RTLD_GLOBAL Loads Don't Reliably work in VECs

Question

RTLD_GLOBAL Loads Don't Reliably work in VECs

Opened this issue 4 years ago · 6 comments

insertinterestingnamehere commented 4 years ago

Continuation of #9. MKL is fine now due to changes in how it's normally loaded, but numba is still broken, and I'm not sure what's going on with OpenMP generally. Numba fails when, through various layers of code, this call is executed: https://github.com/llvm/llvm-project/blob/d480f968ad8b56d3ee4a6b6df5532d485b0ad01e/llvm/lib/Support/Unix/DynamicLibrary.inc#L28. I'm not clear on why yet. Weirdly enough, IIRC, MKL was failing with a symbol not found error with the logic used at https://github.com/IntelPython/mkl-service/blob/master/mkl/__init__.py#L38, not a crash.

Answer 1 · 2021-04-27T17:12:51.000Z

Okay, at lest in the case of numba, the issue appears to actually be bad handling of RTLD_LAZY. (Use-case is here: https://github.com/numba/numba/blob/145e4435c9bea78071634db6084d8329129748ab/numba/__init__.py#L152). Hopefully this is just an issue with our dlopen forwarding, but it may be a problem with the underlying glibc patch.

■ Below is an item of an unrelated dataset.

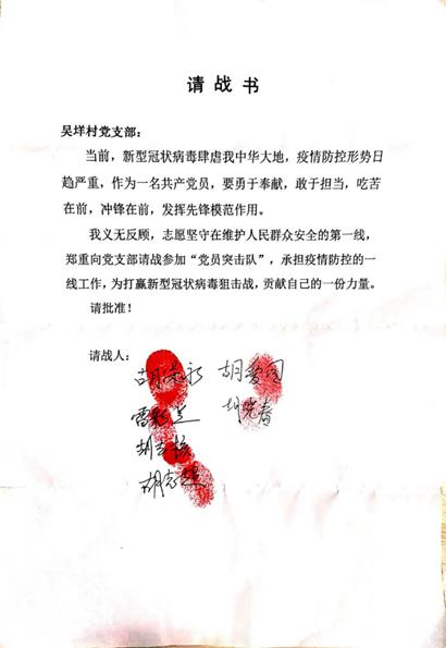 “我义无反顾,志愿坚守在维护人民群众安全的第一线,郑重向党支部请战参加‘党员突击队’,承担疫情防控的一切工作……”抗“疫”期间,吴垟村党支部“党员突击队”立下了庄严誓词。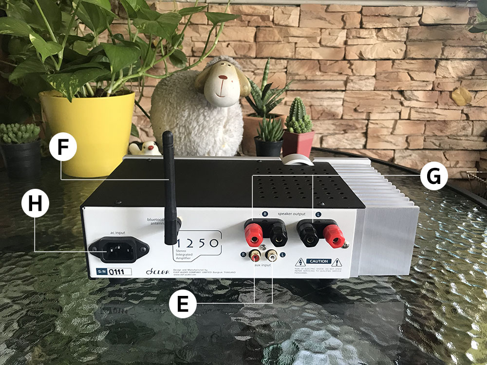 แผงด้านหลังของแอมป์ตัวน้อยตัวนี้ดูคล้ายแอมป์ตัวใหญ่ มีอินพุต AUX มาให้หนึ่งชุด (E) ติดขั้วต่อ RCA สำหรับรองรับสัญญาณเสียงจากเครื่องเล่นทุกชนิดที่อยู่ภายนอก อย่างเช่น เครื่องเล่นซีดี, ภาคขยายหัวเข็มของเครื่องเล่นแผ่นเสียง หรือเครื่องเล่นไฟล์เพลงที่เรียกว่าสตรีมเมอร์ก็นำมาต่อใช้งานร่วมกับแอมป์ตัวนี้ได้ ขั้วต่อ RCA ที่ให้มาสามารถใช้งานร่วมกับเครื่องเสียงมาตรฐานได้ทันที ไม่ต้องผ่านอะแด๊ปเตอร์ใดๆ อีกเลย ส่วนอีกอินพุตคือ Bluetooth ซึ่งใช้วิธีเชื่อมต่อกับแอมป์ตัวนี้ผ่านทางคลื่นไร้สาย ที่ตัว 1250 จึงให้เสาอากาศสำหรับรับคลื่น Bluetooth มาให้ (F) หนึ่งเสา

Answer 2 · 2021-04-27T17:17:02.000Z

Not sure what was wrong with the old MKL loading logic though. That was with RTLD_NOW set.

Answer 3 · 2021-04-27T17:44:48.000Z

My dlopen wrapper forced some flags to specific values in the past. You might want to check if that's still true and if it's correct to do so.

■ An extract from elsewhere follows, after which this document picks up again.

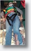 | Als nächstes werden die beiden Hüftgurte angebracht. Dazu wird der Gurt jeweils unter dem Gesäß und Bein des Patienten hinduchgezogen und dann über den entfernten Oberschenkel zur gegenüberliegenden weißen Schnalle geführt. Jeder Gurt läuft also unter dem ersten Oberschenkel und über dem zweiten Oberschenkel in "Verlegerichtung" gesehen entlang. Nachdem mit beiden Gurten so verfahren wurde, sollten diese sich im Schritt überkreuzen. Bei Verdacht auf Verletzungen in der Leistengegend können die Gurte auch um das jeweilig erste Bein geschlungen werden und dann auf der Ausgangsseite des Gurtes in das Gurtschloss eingeklingt werden. Bei Oberschenkelfrakturen sollte gegebenenfalls auf die Beckengurte ganz verzichtet werden. |

Answer 4 · 2021-04-27T17:48:43.000Z

Maybe that's it. An quick reading earlier didn't show anything like that, but the log is showing RTLD_NOLOAD instead of RTLD_GLOBAL so something's off there.

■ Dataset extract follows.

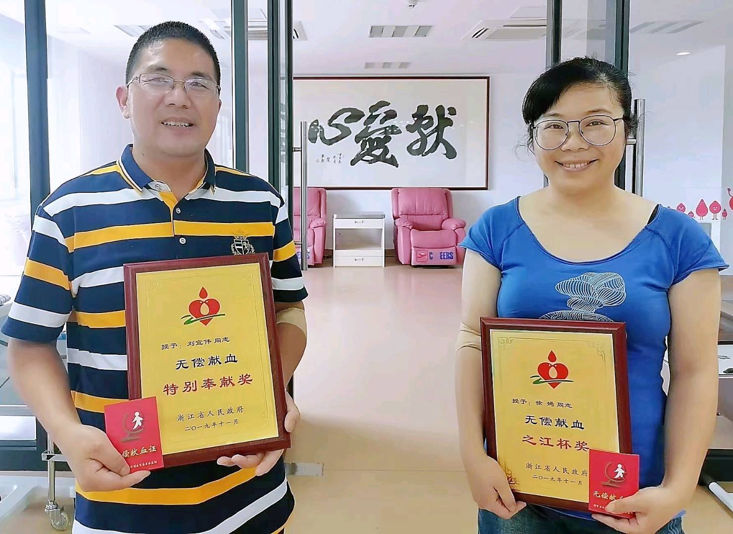 妻子徐嫣也是一名医务人员,“起初看着他每月奔波献血,特别是有时候,他工作很忙、很累,还坚持献血时,我既佩服他,又心疼他。”徐嫣告诉记者,对于丈夫献血,她全力支持。在丈夫的影响下,她也成为了无偿献血的“常客”。截至目前,徐嫣累计献血130次,献血量达4.65万毫升,夫妻俩还多次一起站上领奖台,国家级无偿献血奉献奖金奖、浙江省无偿献血之江杯奖的奖杯,被他们整齐地摆放在家里书柜的最显眼处,“这是我们家最珍贵的‘军功章’。”

Answer 5 · 2021-04-27T17:50:59.000Z

Yah, there's nothing obviously wrong in https://github.com/ut-parla/Parla.py/blob/master/runtime_libs/virt_dlopen.c#L30. No idea where the RTLD_NOLOAD is coming from, but it's before that line.

Answer 6 · 2021-04-27T20:23:38.000Z

Okay, there's a lot going on here and I'm getting a bit disoriented. Here's what I've managed to confirm:

Numba's try/except doesn't normally find the library in my current environment (it's libsvml.so)
The load into linker namespace 0 works fine
The load into linker namespace 1 is what fails
For some reason the load is happening with RTLD_NOLOAD | RTLD_LAZY instead of RTLD_GLOBAL | RTLD_LAZY.
The dlopen call is still getting routed through https://github.com/llvm/llvm-project/blob/d480f968ad8b56d3ee4a6b6df5532d485b0ad01e/llvm/lib/Support/Unix/DynamicLibrary.inc#L28 like I thought.
There's no obvious patch in the conda-forge recipe to show why that flag change would be happening.
There's also not currently any messing with the dlopen flags in our virtualized dlopen.
The call to load libsvml.so only happens once—in namespace 0. There is no corresponding call in namespace 1 that causes the error. I haven't been able to figure out what is triggering the failed attempted load of libsvml in namespace 1. This is probably why the stack of exception handling code isn't kicking in though. The load may be triggered by something else entirely.

All that said, as a short-term workaround, numba can be successfully loaded with this incantation:

import os
from parla.multiload import multiload, mark_module_as_global
os.environ['NUMBA_DISABLE_INTEL_SVML'] = '1'
mark_module_as_global('pkg_resources')
with multiload():
    import numba

Given that libsvml doesn't appear to even be present on my system, loading numba this way doesn't really lose us anything other than the import not working out of the box as expected.

Note: the pkg_resources business is needed to bypass another bug in the import override. I don't know the exact details, but it's likely because they mess with importlib in that module, so we're running up against #10.